Zenon also acted in many ways as Apollonios’ secretary. Clients and employees alike contact Zenon as a way of getting their message through to Apollonios. Amyntas sends a messenger to Zenon with the intent of introducing him to Apollonios. In the letter concerning the messenger, Amyntas includes “as soon as you find Apollonios in a favorable mood.”[3]In this role, Zenon is the cool-headed secretary who will obey clients’ suggestions. In addition, Panakestor writes to Zenon hoping that he may help with their communication problem with Apollonios. Panakestor pleads, “Please remember us, and when you find a suitable moment with Apollonios, remind him about the notes I gave you.”[4]Although Zenon seems to have little to do with the previous letter writing between Panakestor and Apollonios, he now is the point of contact to engage with Apollonios. In this sense, he is the intermediary between Apollonios and the intermediaries[5]in the Fayyum farmlands.

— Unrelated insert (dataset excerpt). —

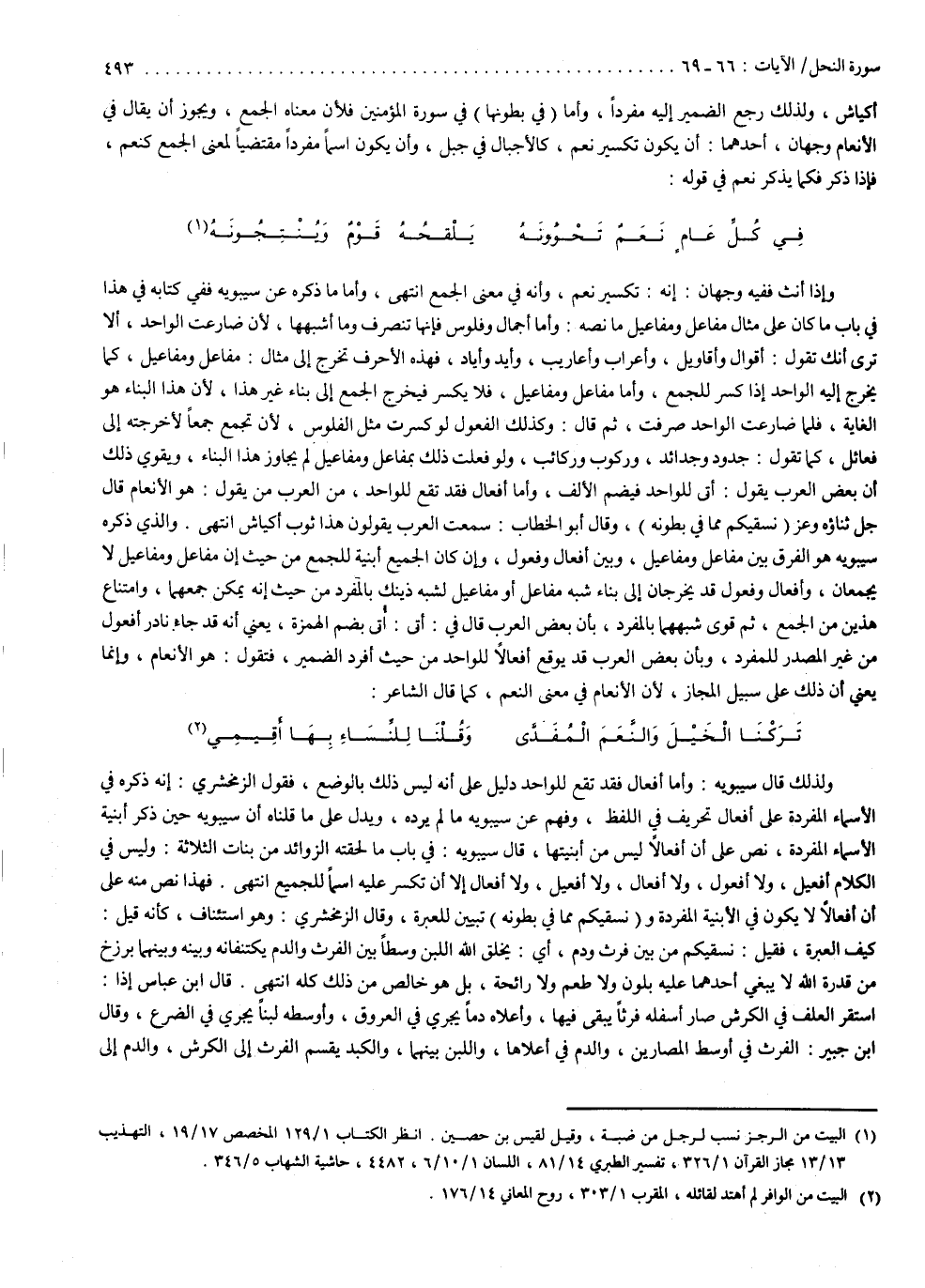 أكياش ، ولذلك رجع الضمير إليه مفرداً ، وأما في بطونها في سورة المؤمنين فلأن معناه الجمع ، ويجوز أن يقال في الأنعام وجهان : أحدهما : أن يكون تكسير نعم كالأجبال في جبل ، وأن يكون اسماً مفرداً مقتضياً لمعنى الجمع كنعم ، فإذا ذكر فكما يذكر نعم في قوله : في كل عام نعم تحوونه
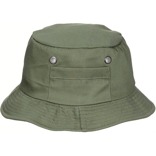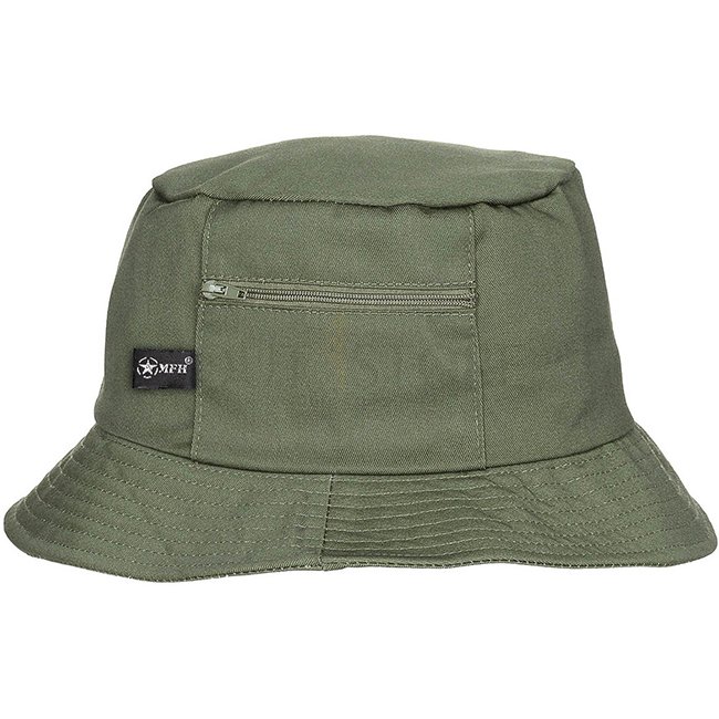 MFH Fisher Hat - Olive - 63: Classic fisher hat with left pocket, right pocket with zip, ventilation eyelets, 65% Polyester, 35% Cotton.

[1]Rather than writing to Apollonios, who is mostly likely busy acting as the finance minister for Ptolemy II, Satyra sends Zenon her complaints. Greek text: PCairZen 59028, Date: 258/7 B.C., Translated by: C.C. Edgar, ASAE vol. 23, no. 78
[2]Zenon is to announce the runaway cook to everyone as a means of catching and bringing him back. Greek text: PSI 329, Date: April 257 B.C., Translated by: M. Rostovtzeff, ‘A Large Estate in Egypt in the Third Century B.C.’, p.30
[3]We may deduce that Apollonios was not the nicest boss in the land. In fact, he may have responded harshly to messages or else Amyntas would not have noted the mood of Apollonios. Greek text: PCairZen 59045, Date: March 257 B.C., Translated by: C.C. Edgar, ASAW vol, 23, no.82
[4]Greek text: PSI 5.502, https://co-geeking.com/2017/03/27/bad-day-at-the-office-257-bce/
[5]The Greek appointed in charge of the Egyptian farmers.